To see the last five rows use .tail()
. tail()
also accepts a number, and in this case we printing the bottom two rows.:
In [ ]:
movies_df.tail(2)
Out[ ]:
Rank | Genre | Description | Director | Actors | Year | Runtime (Minutes) | Rating | Votes | Revenue (Millions) | Metascore | |
---|---|---|---|---|---|---|---|---|---|---|---|
Title | |||||||||||
Search Party | 999 | Adventure,Comedy | A pair of friends embark on a mission to reuni… | Scot Armstrong | Adam Pally, T.J. Miller, Thomas Middleditch,Sh… | 2014 | 93 | 5.6 | 4881 | NaN | 22.0 |
Nine Lives | 1000 | Comedy,Family,Fantasy | A stuffy businessman finds himself trapped ins… | Barry Sonnenfeld | Kevin Spacey, Jennifer Garner, Robbie Amell,Ch… | 2016 | 87 | 5.3 | 12435 | 19.64 | 11.0 |
Typically when we load in a dataset, we like to view the first five or so rows to see what’s under the hood.
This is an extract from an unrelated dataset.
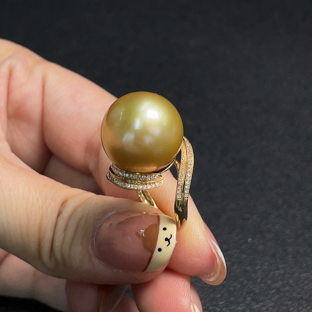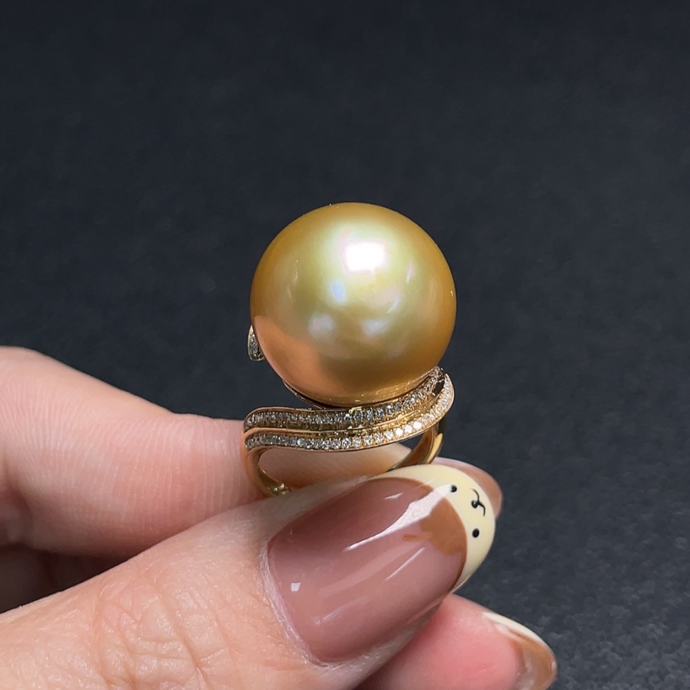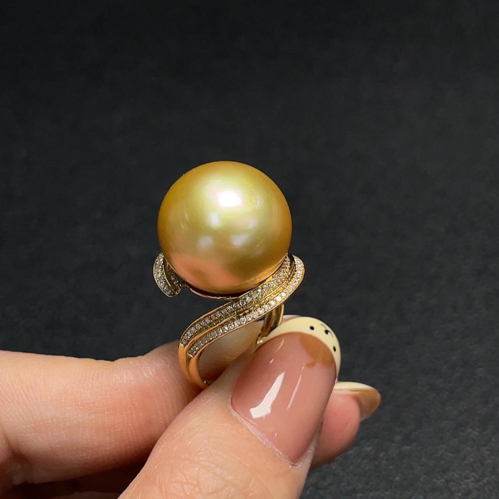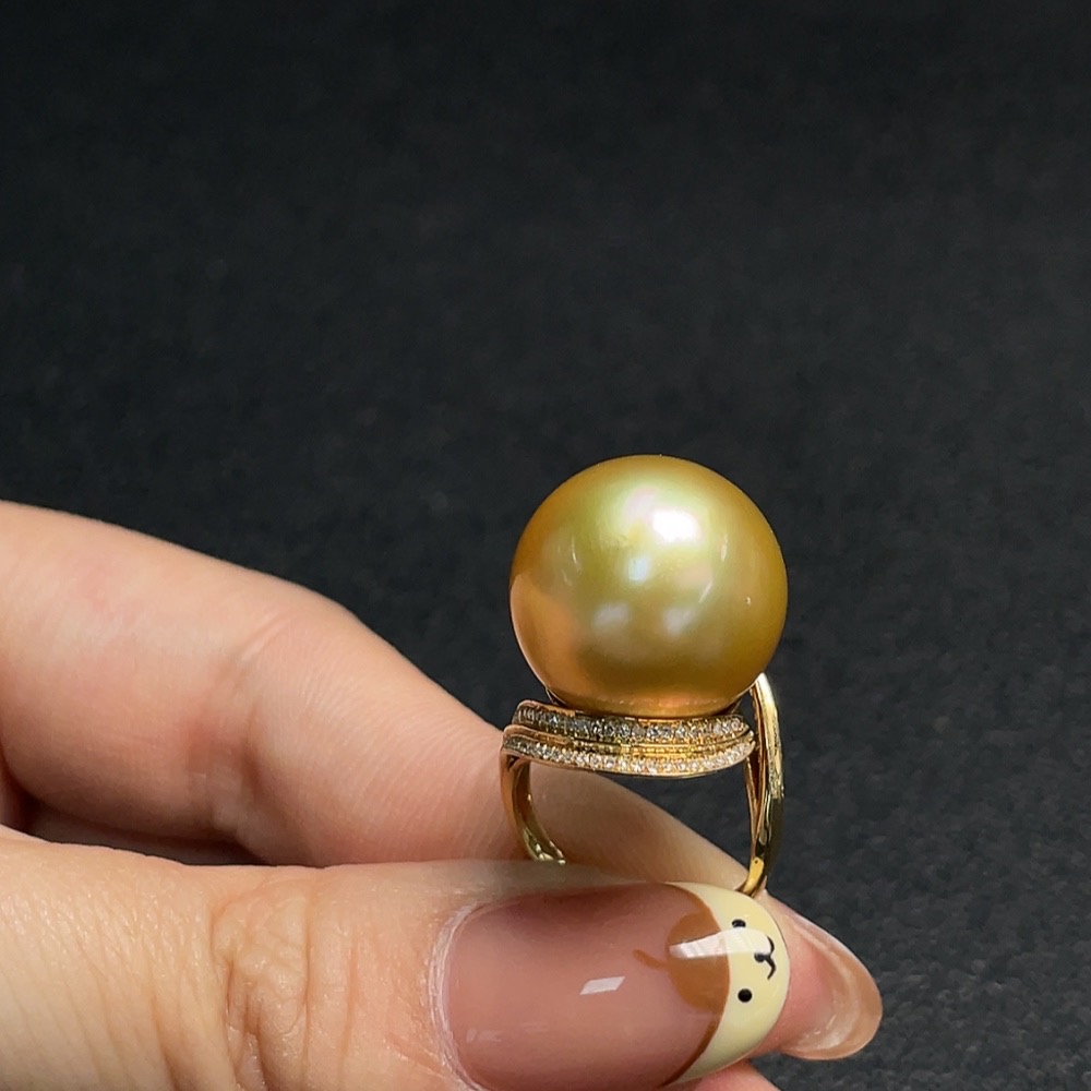 Seawater Pearl Ring 18k Gold Color Origin Undetermined Total Weight Approx. 9g Stone 15.6mm Size 8

Here we can see the names of each column, the index, and examples of values in each row.
You’ll notice that the index in our DataFrame is the Title column, which you can tell by how the word Title is slightly lower than the rest of the columns.
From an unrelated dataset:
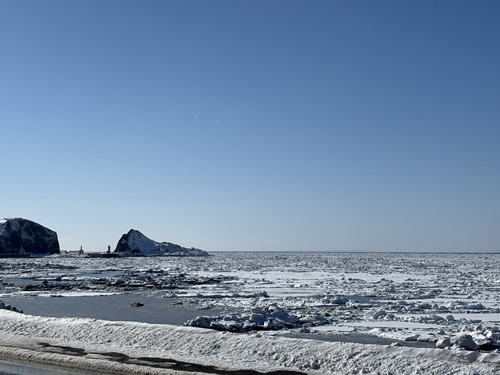 2026年2月20日の流氷 <ウトロからの流氷>流氷を確認することが出来ます。 <流氷の状況>昨日の午後に流氷は再接岸しました。現在のところ大きな動きはありませんが沖合には大きな割れ目が目立ちます。 本日の夜から南風が吹く予報となっております。夜のうちに流氷は沖に多少離れてしまう可能性が高いです。
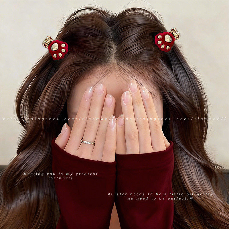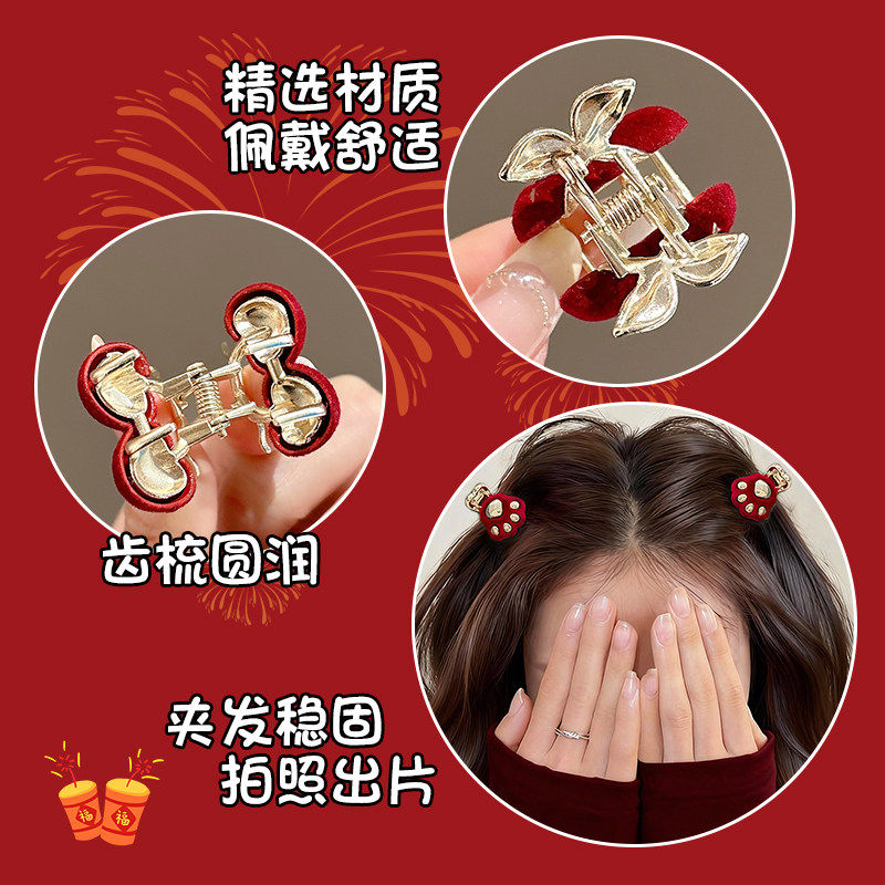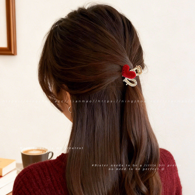 📚 红色丝绒发夹女公主头抓夹半扎发小夹子侧边刘海夹迷你鲨鱼夹头饰

Getting info about your data
.info()
should be one of the very first commands you run after loading your data:
In [ ]:
movies_df.info()
Index: 1000 entries, Guardians of the Galaxy to Nine Lives Data columns (total 11 columns): # Column Non-Null Count Dtype --- ------ -------------- ----- 0 Rank 1000 non-null int64 1 Genre 1000 non-null object 2 Description 1000 non-null object 3 Director 1000 non-null object 4 Actors 1000 non-null object 5 Year 1000 non-null int64 6 Runtime (Minutes) 1000 non-null int64 7 Rating 1000 non-null float64 8 Votes 1000 non-null int64 9 Revenue (Millions) 872 non-null float64 10 Metascore 936 non-null float64 dtypes: float64(3), int64(4), object(4) memory usage: 93.8+ KB
.info()
provides the essential details about your dataset, such as the number of rows and columns, the number of non-null values, what type of data is in each column, and how much memory your DataFrame is using.
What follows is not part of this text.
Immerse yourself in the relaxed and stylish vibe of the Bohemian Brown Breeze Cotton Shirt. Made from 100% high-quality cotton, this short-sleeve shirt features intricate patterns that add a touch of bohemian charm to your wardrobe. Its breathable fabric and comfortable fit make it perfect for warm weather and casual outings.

Notice in our movies dataset we have some obvious missing values in the Revenue
and Metascore
columns. We’ll look at how to handle those in a bit.
Another fast and useful attribute is .shape
, which outputs just a tuple of (rows, columns):
In [ ]:
movies_df.shape
Out[ ]:
(1000, 11)
Note that .shape
has no parentheses and is a simple tuple of format (rows, columns). So we have 1000 rows and 11 columns in our movies DataFrame.
You’ll be going to .shape
a lot when cleaning and transforming data. For example, you might filter some rows based on some criteria and then want to know quickly how many rows were removed.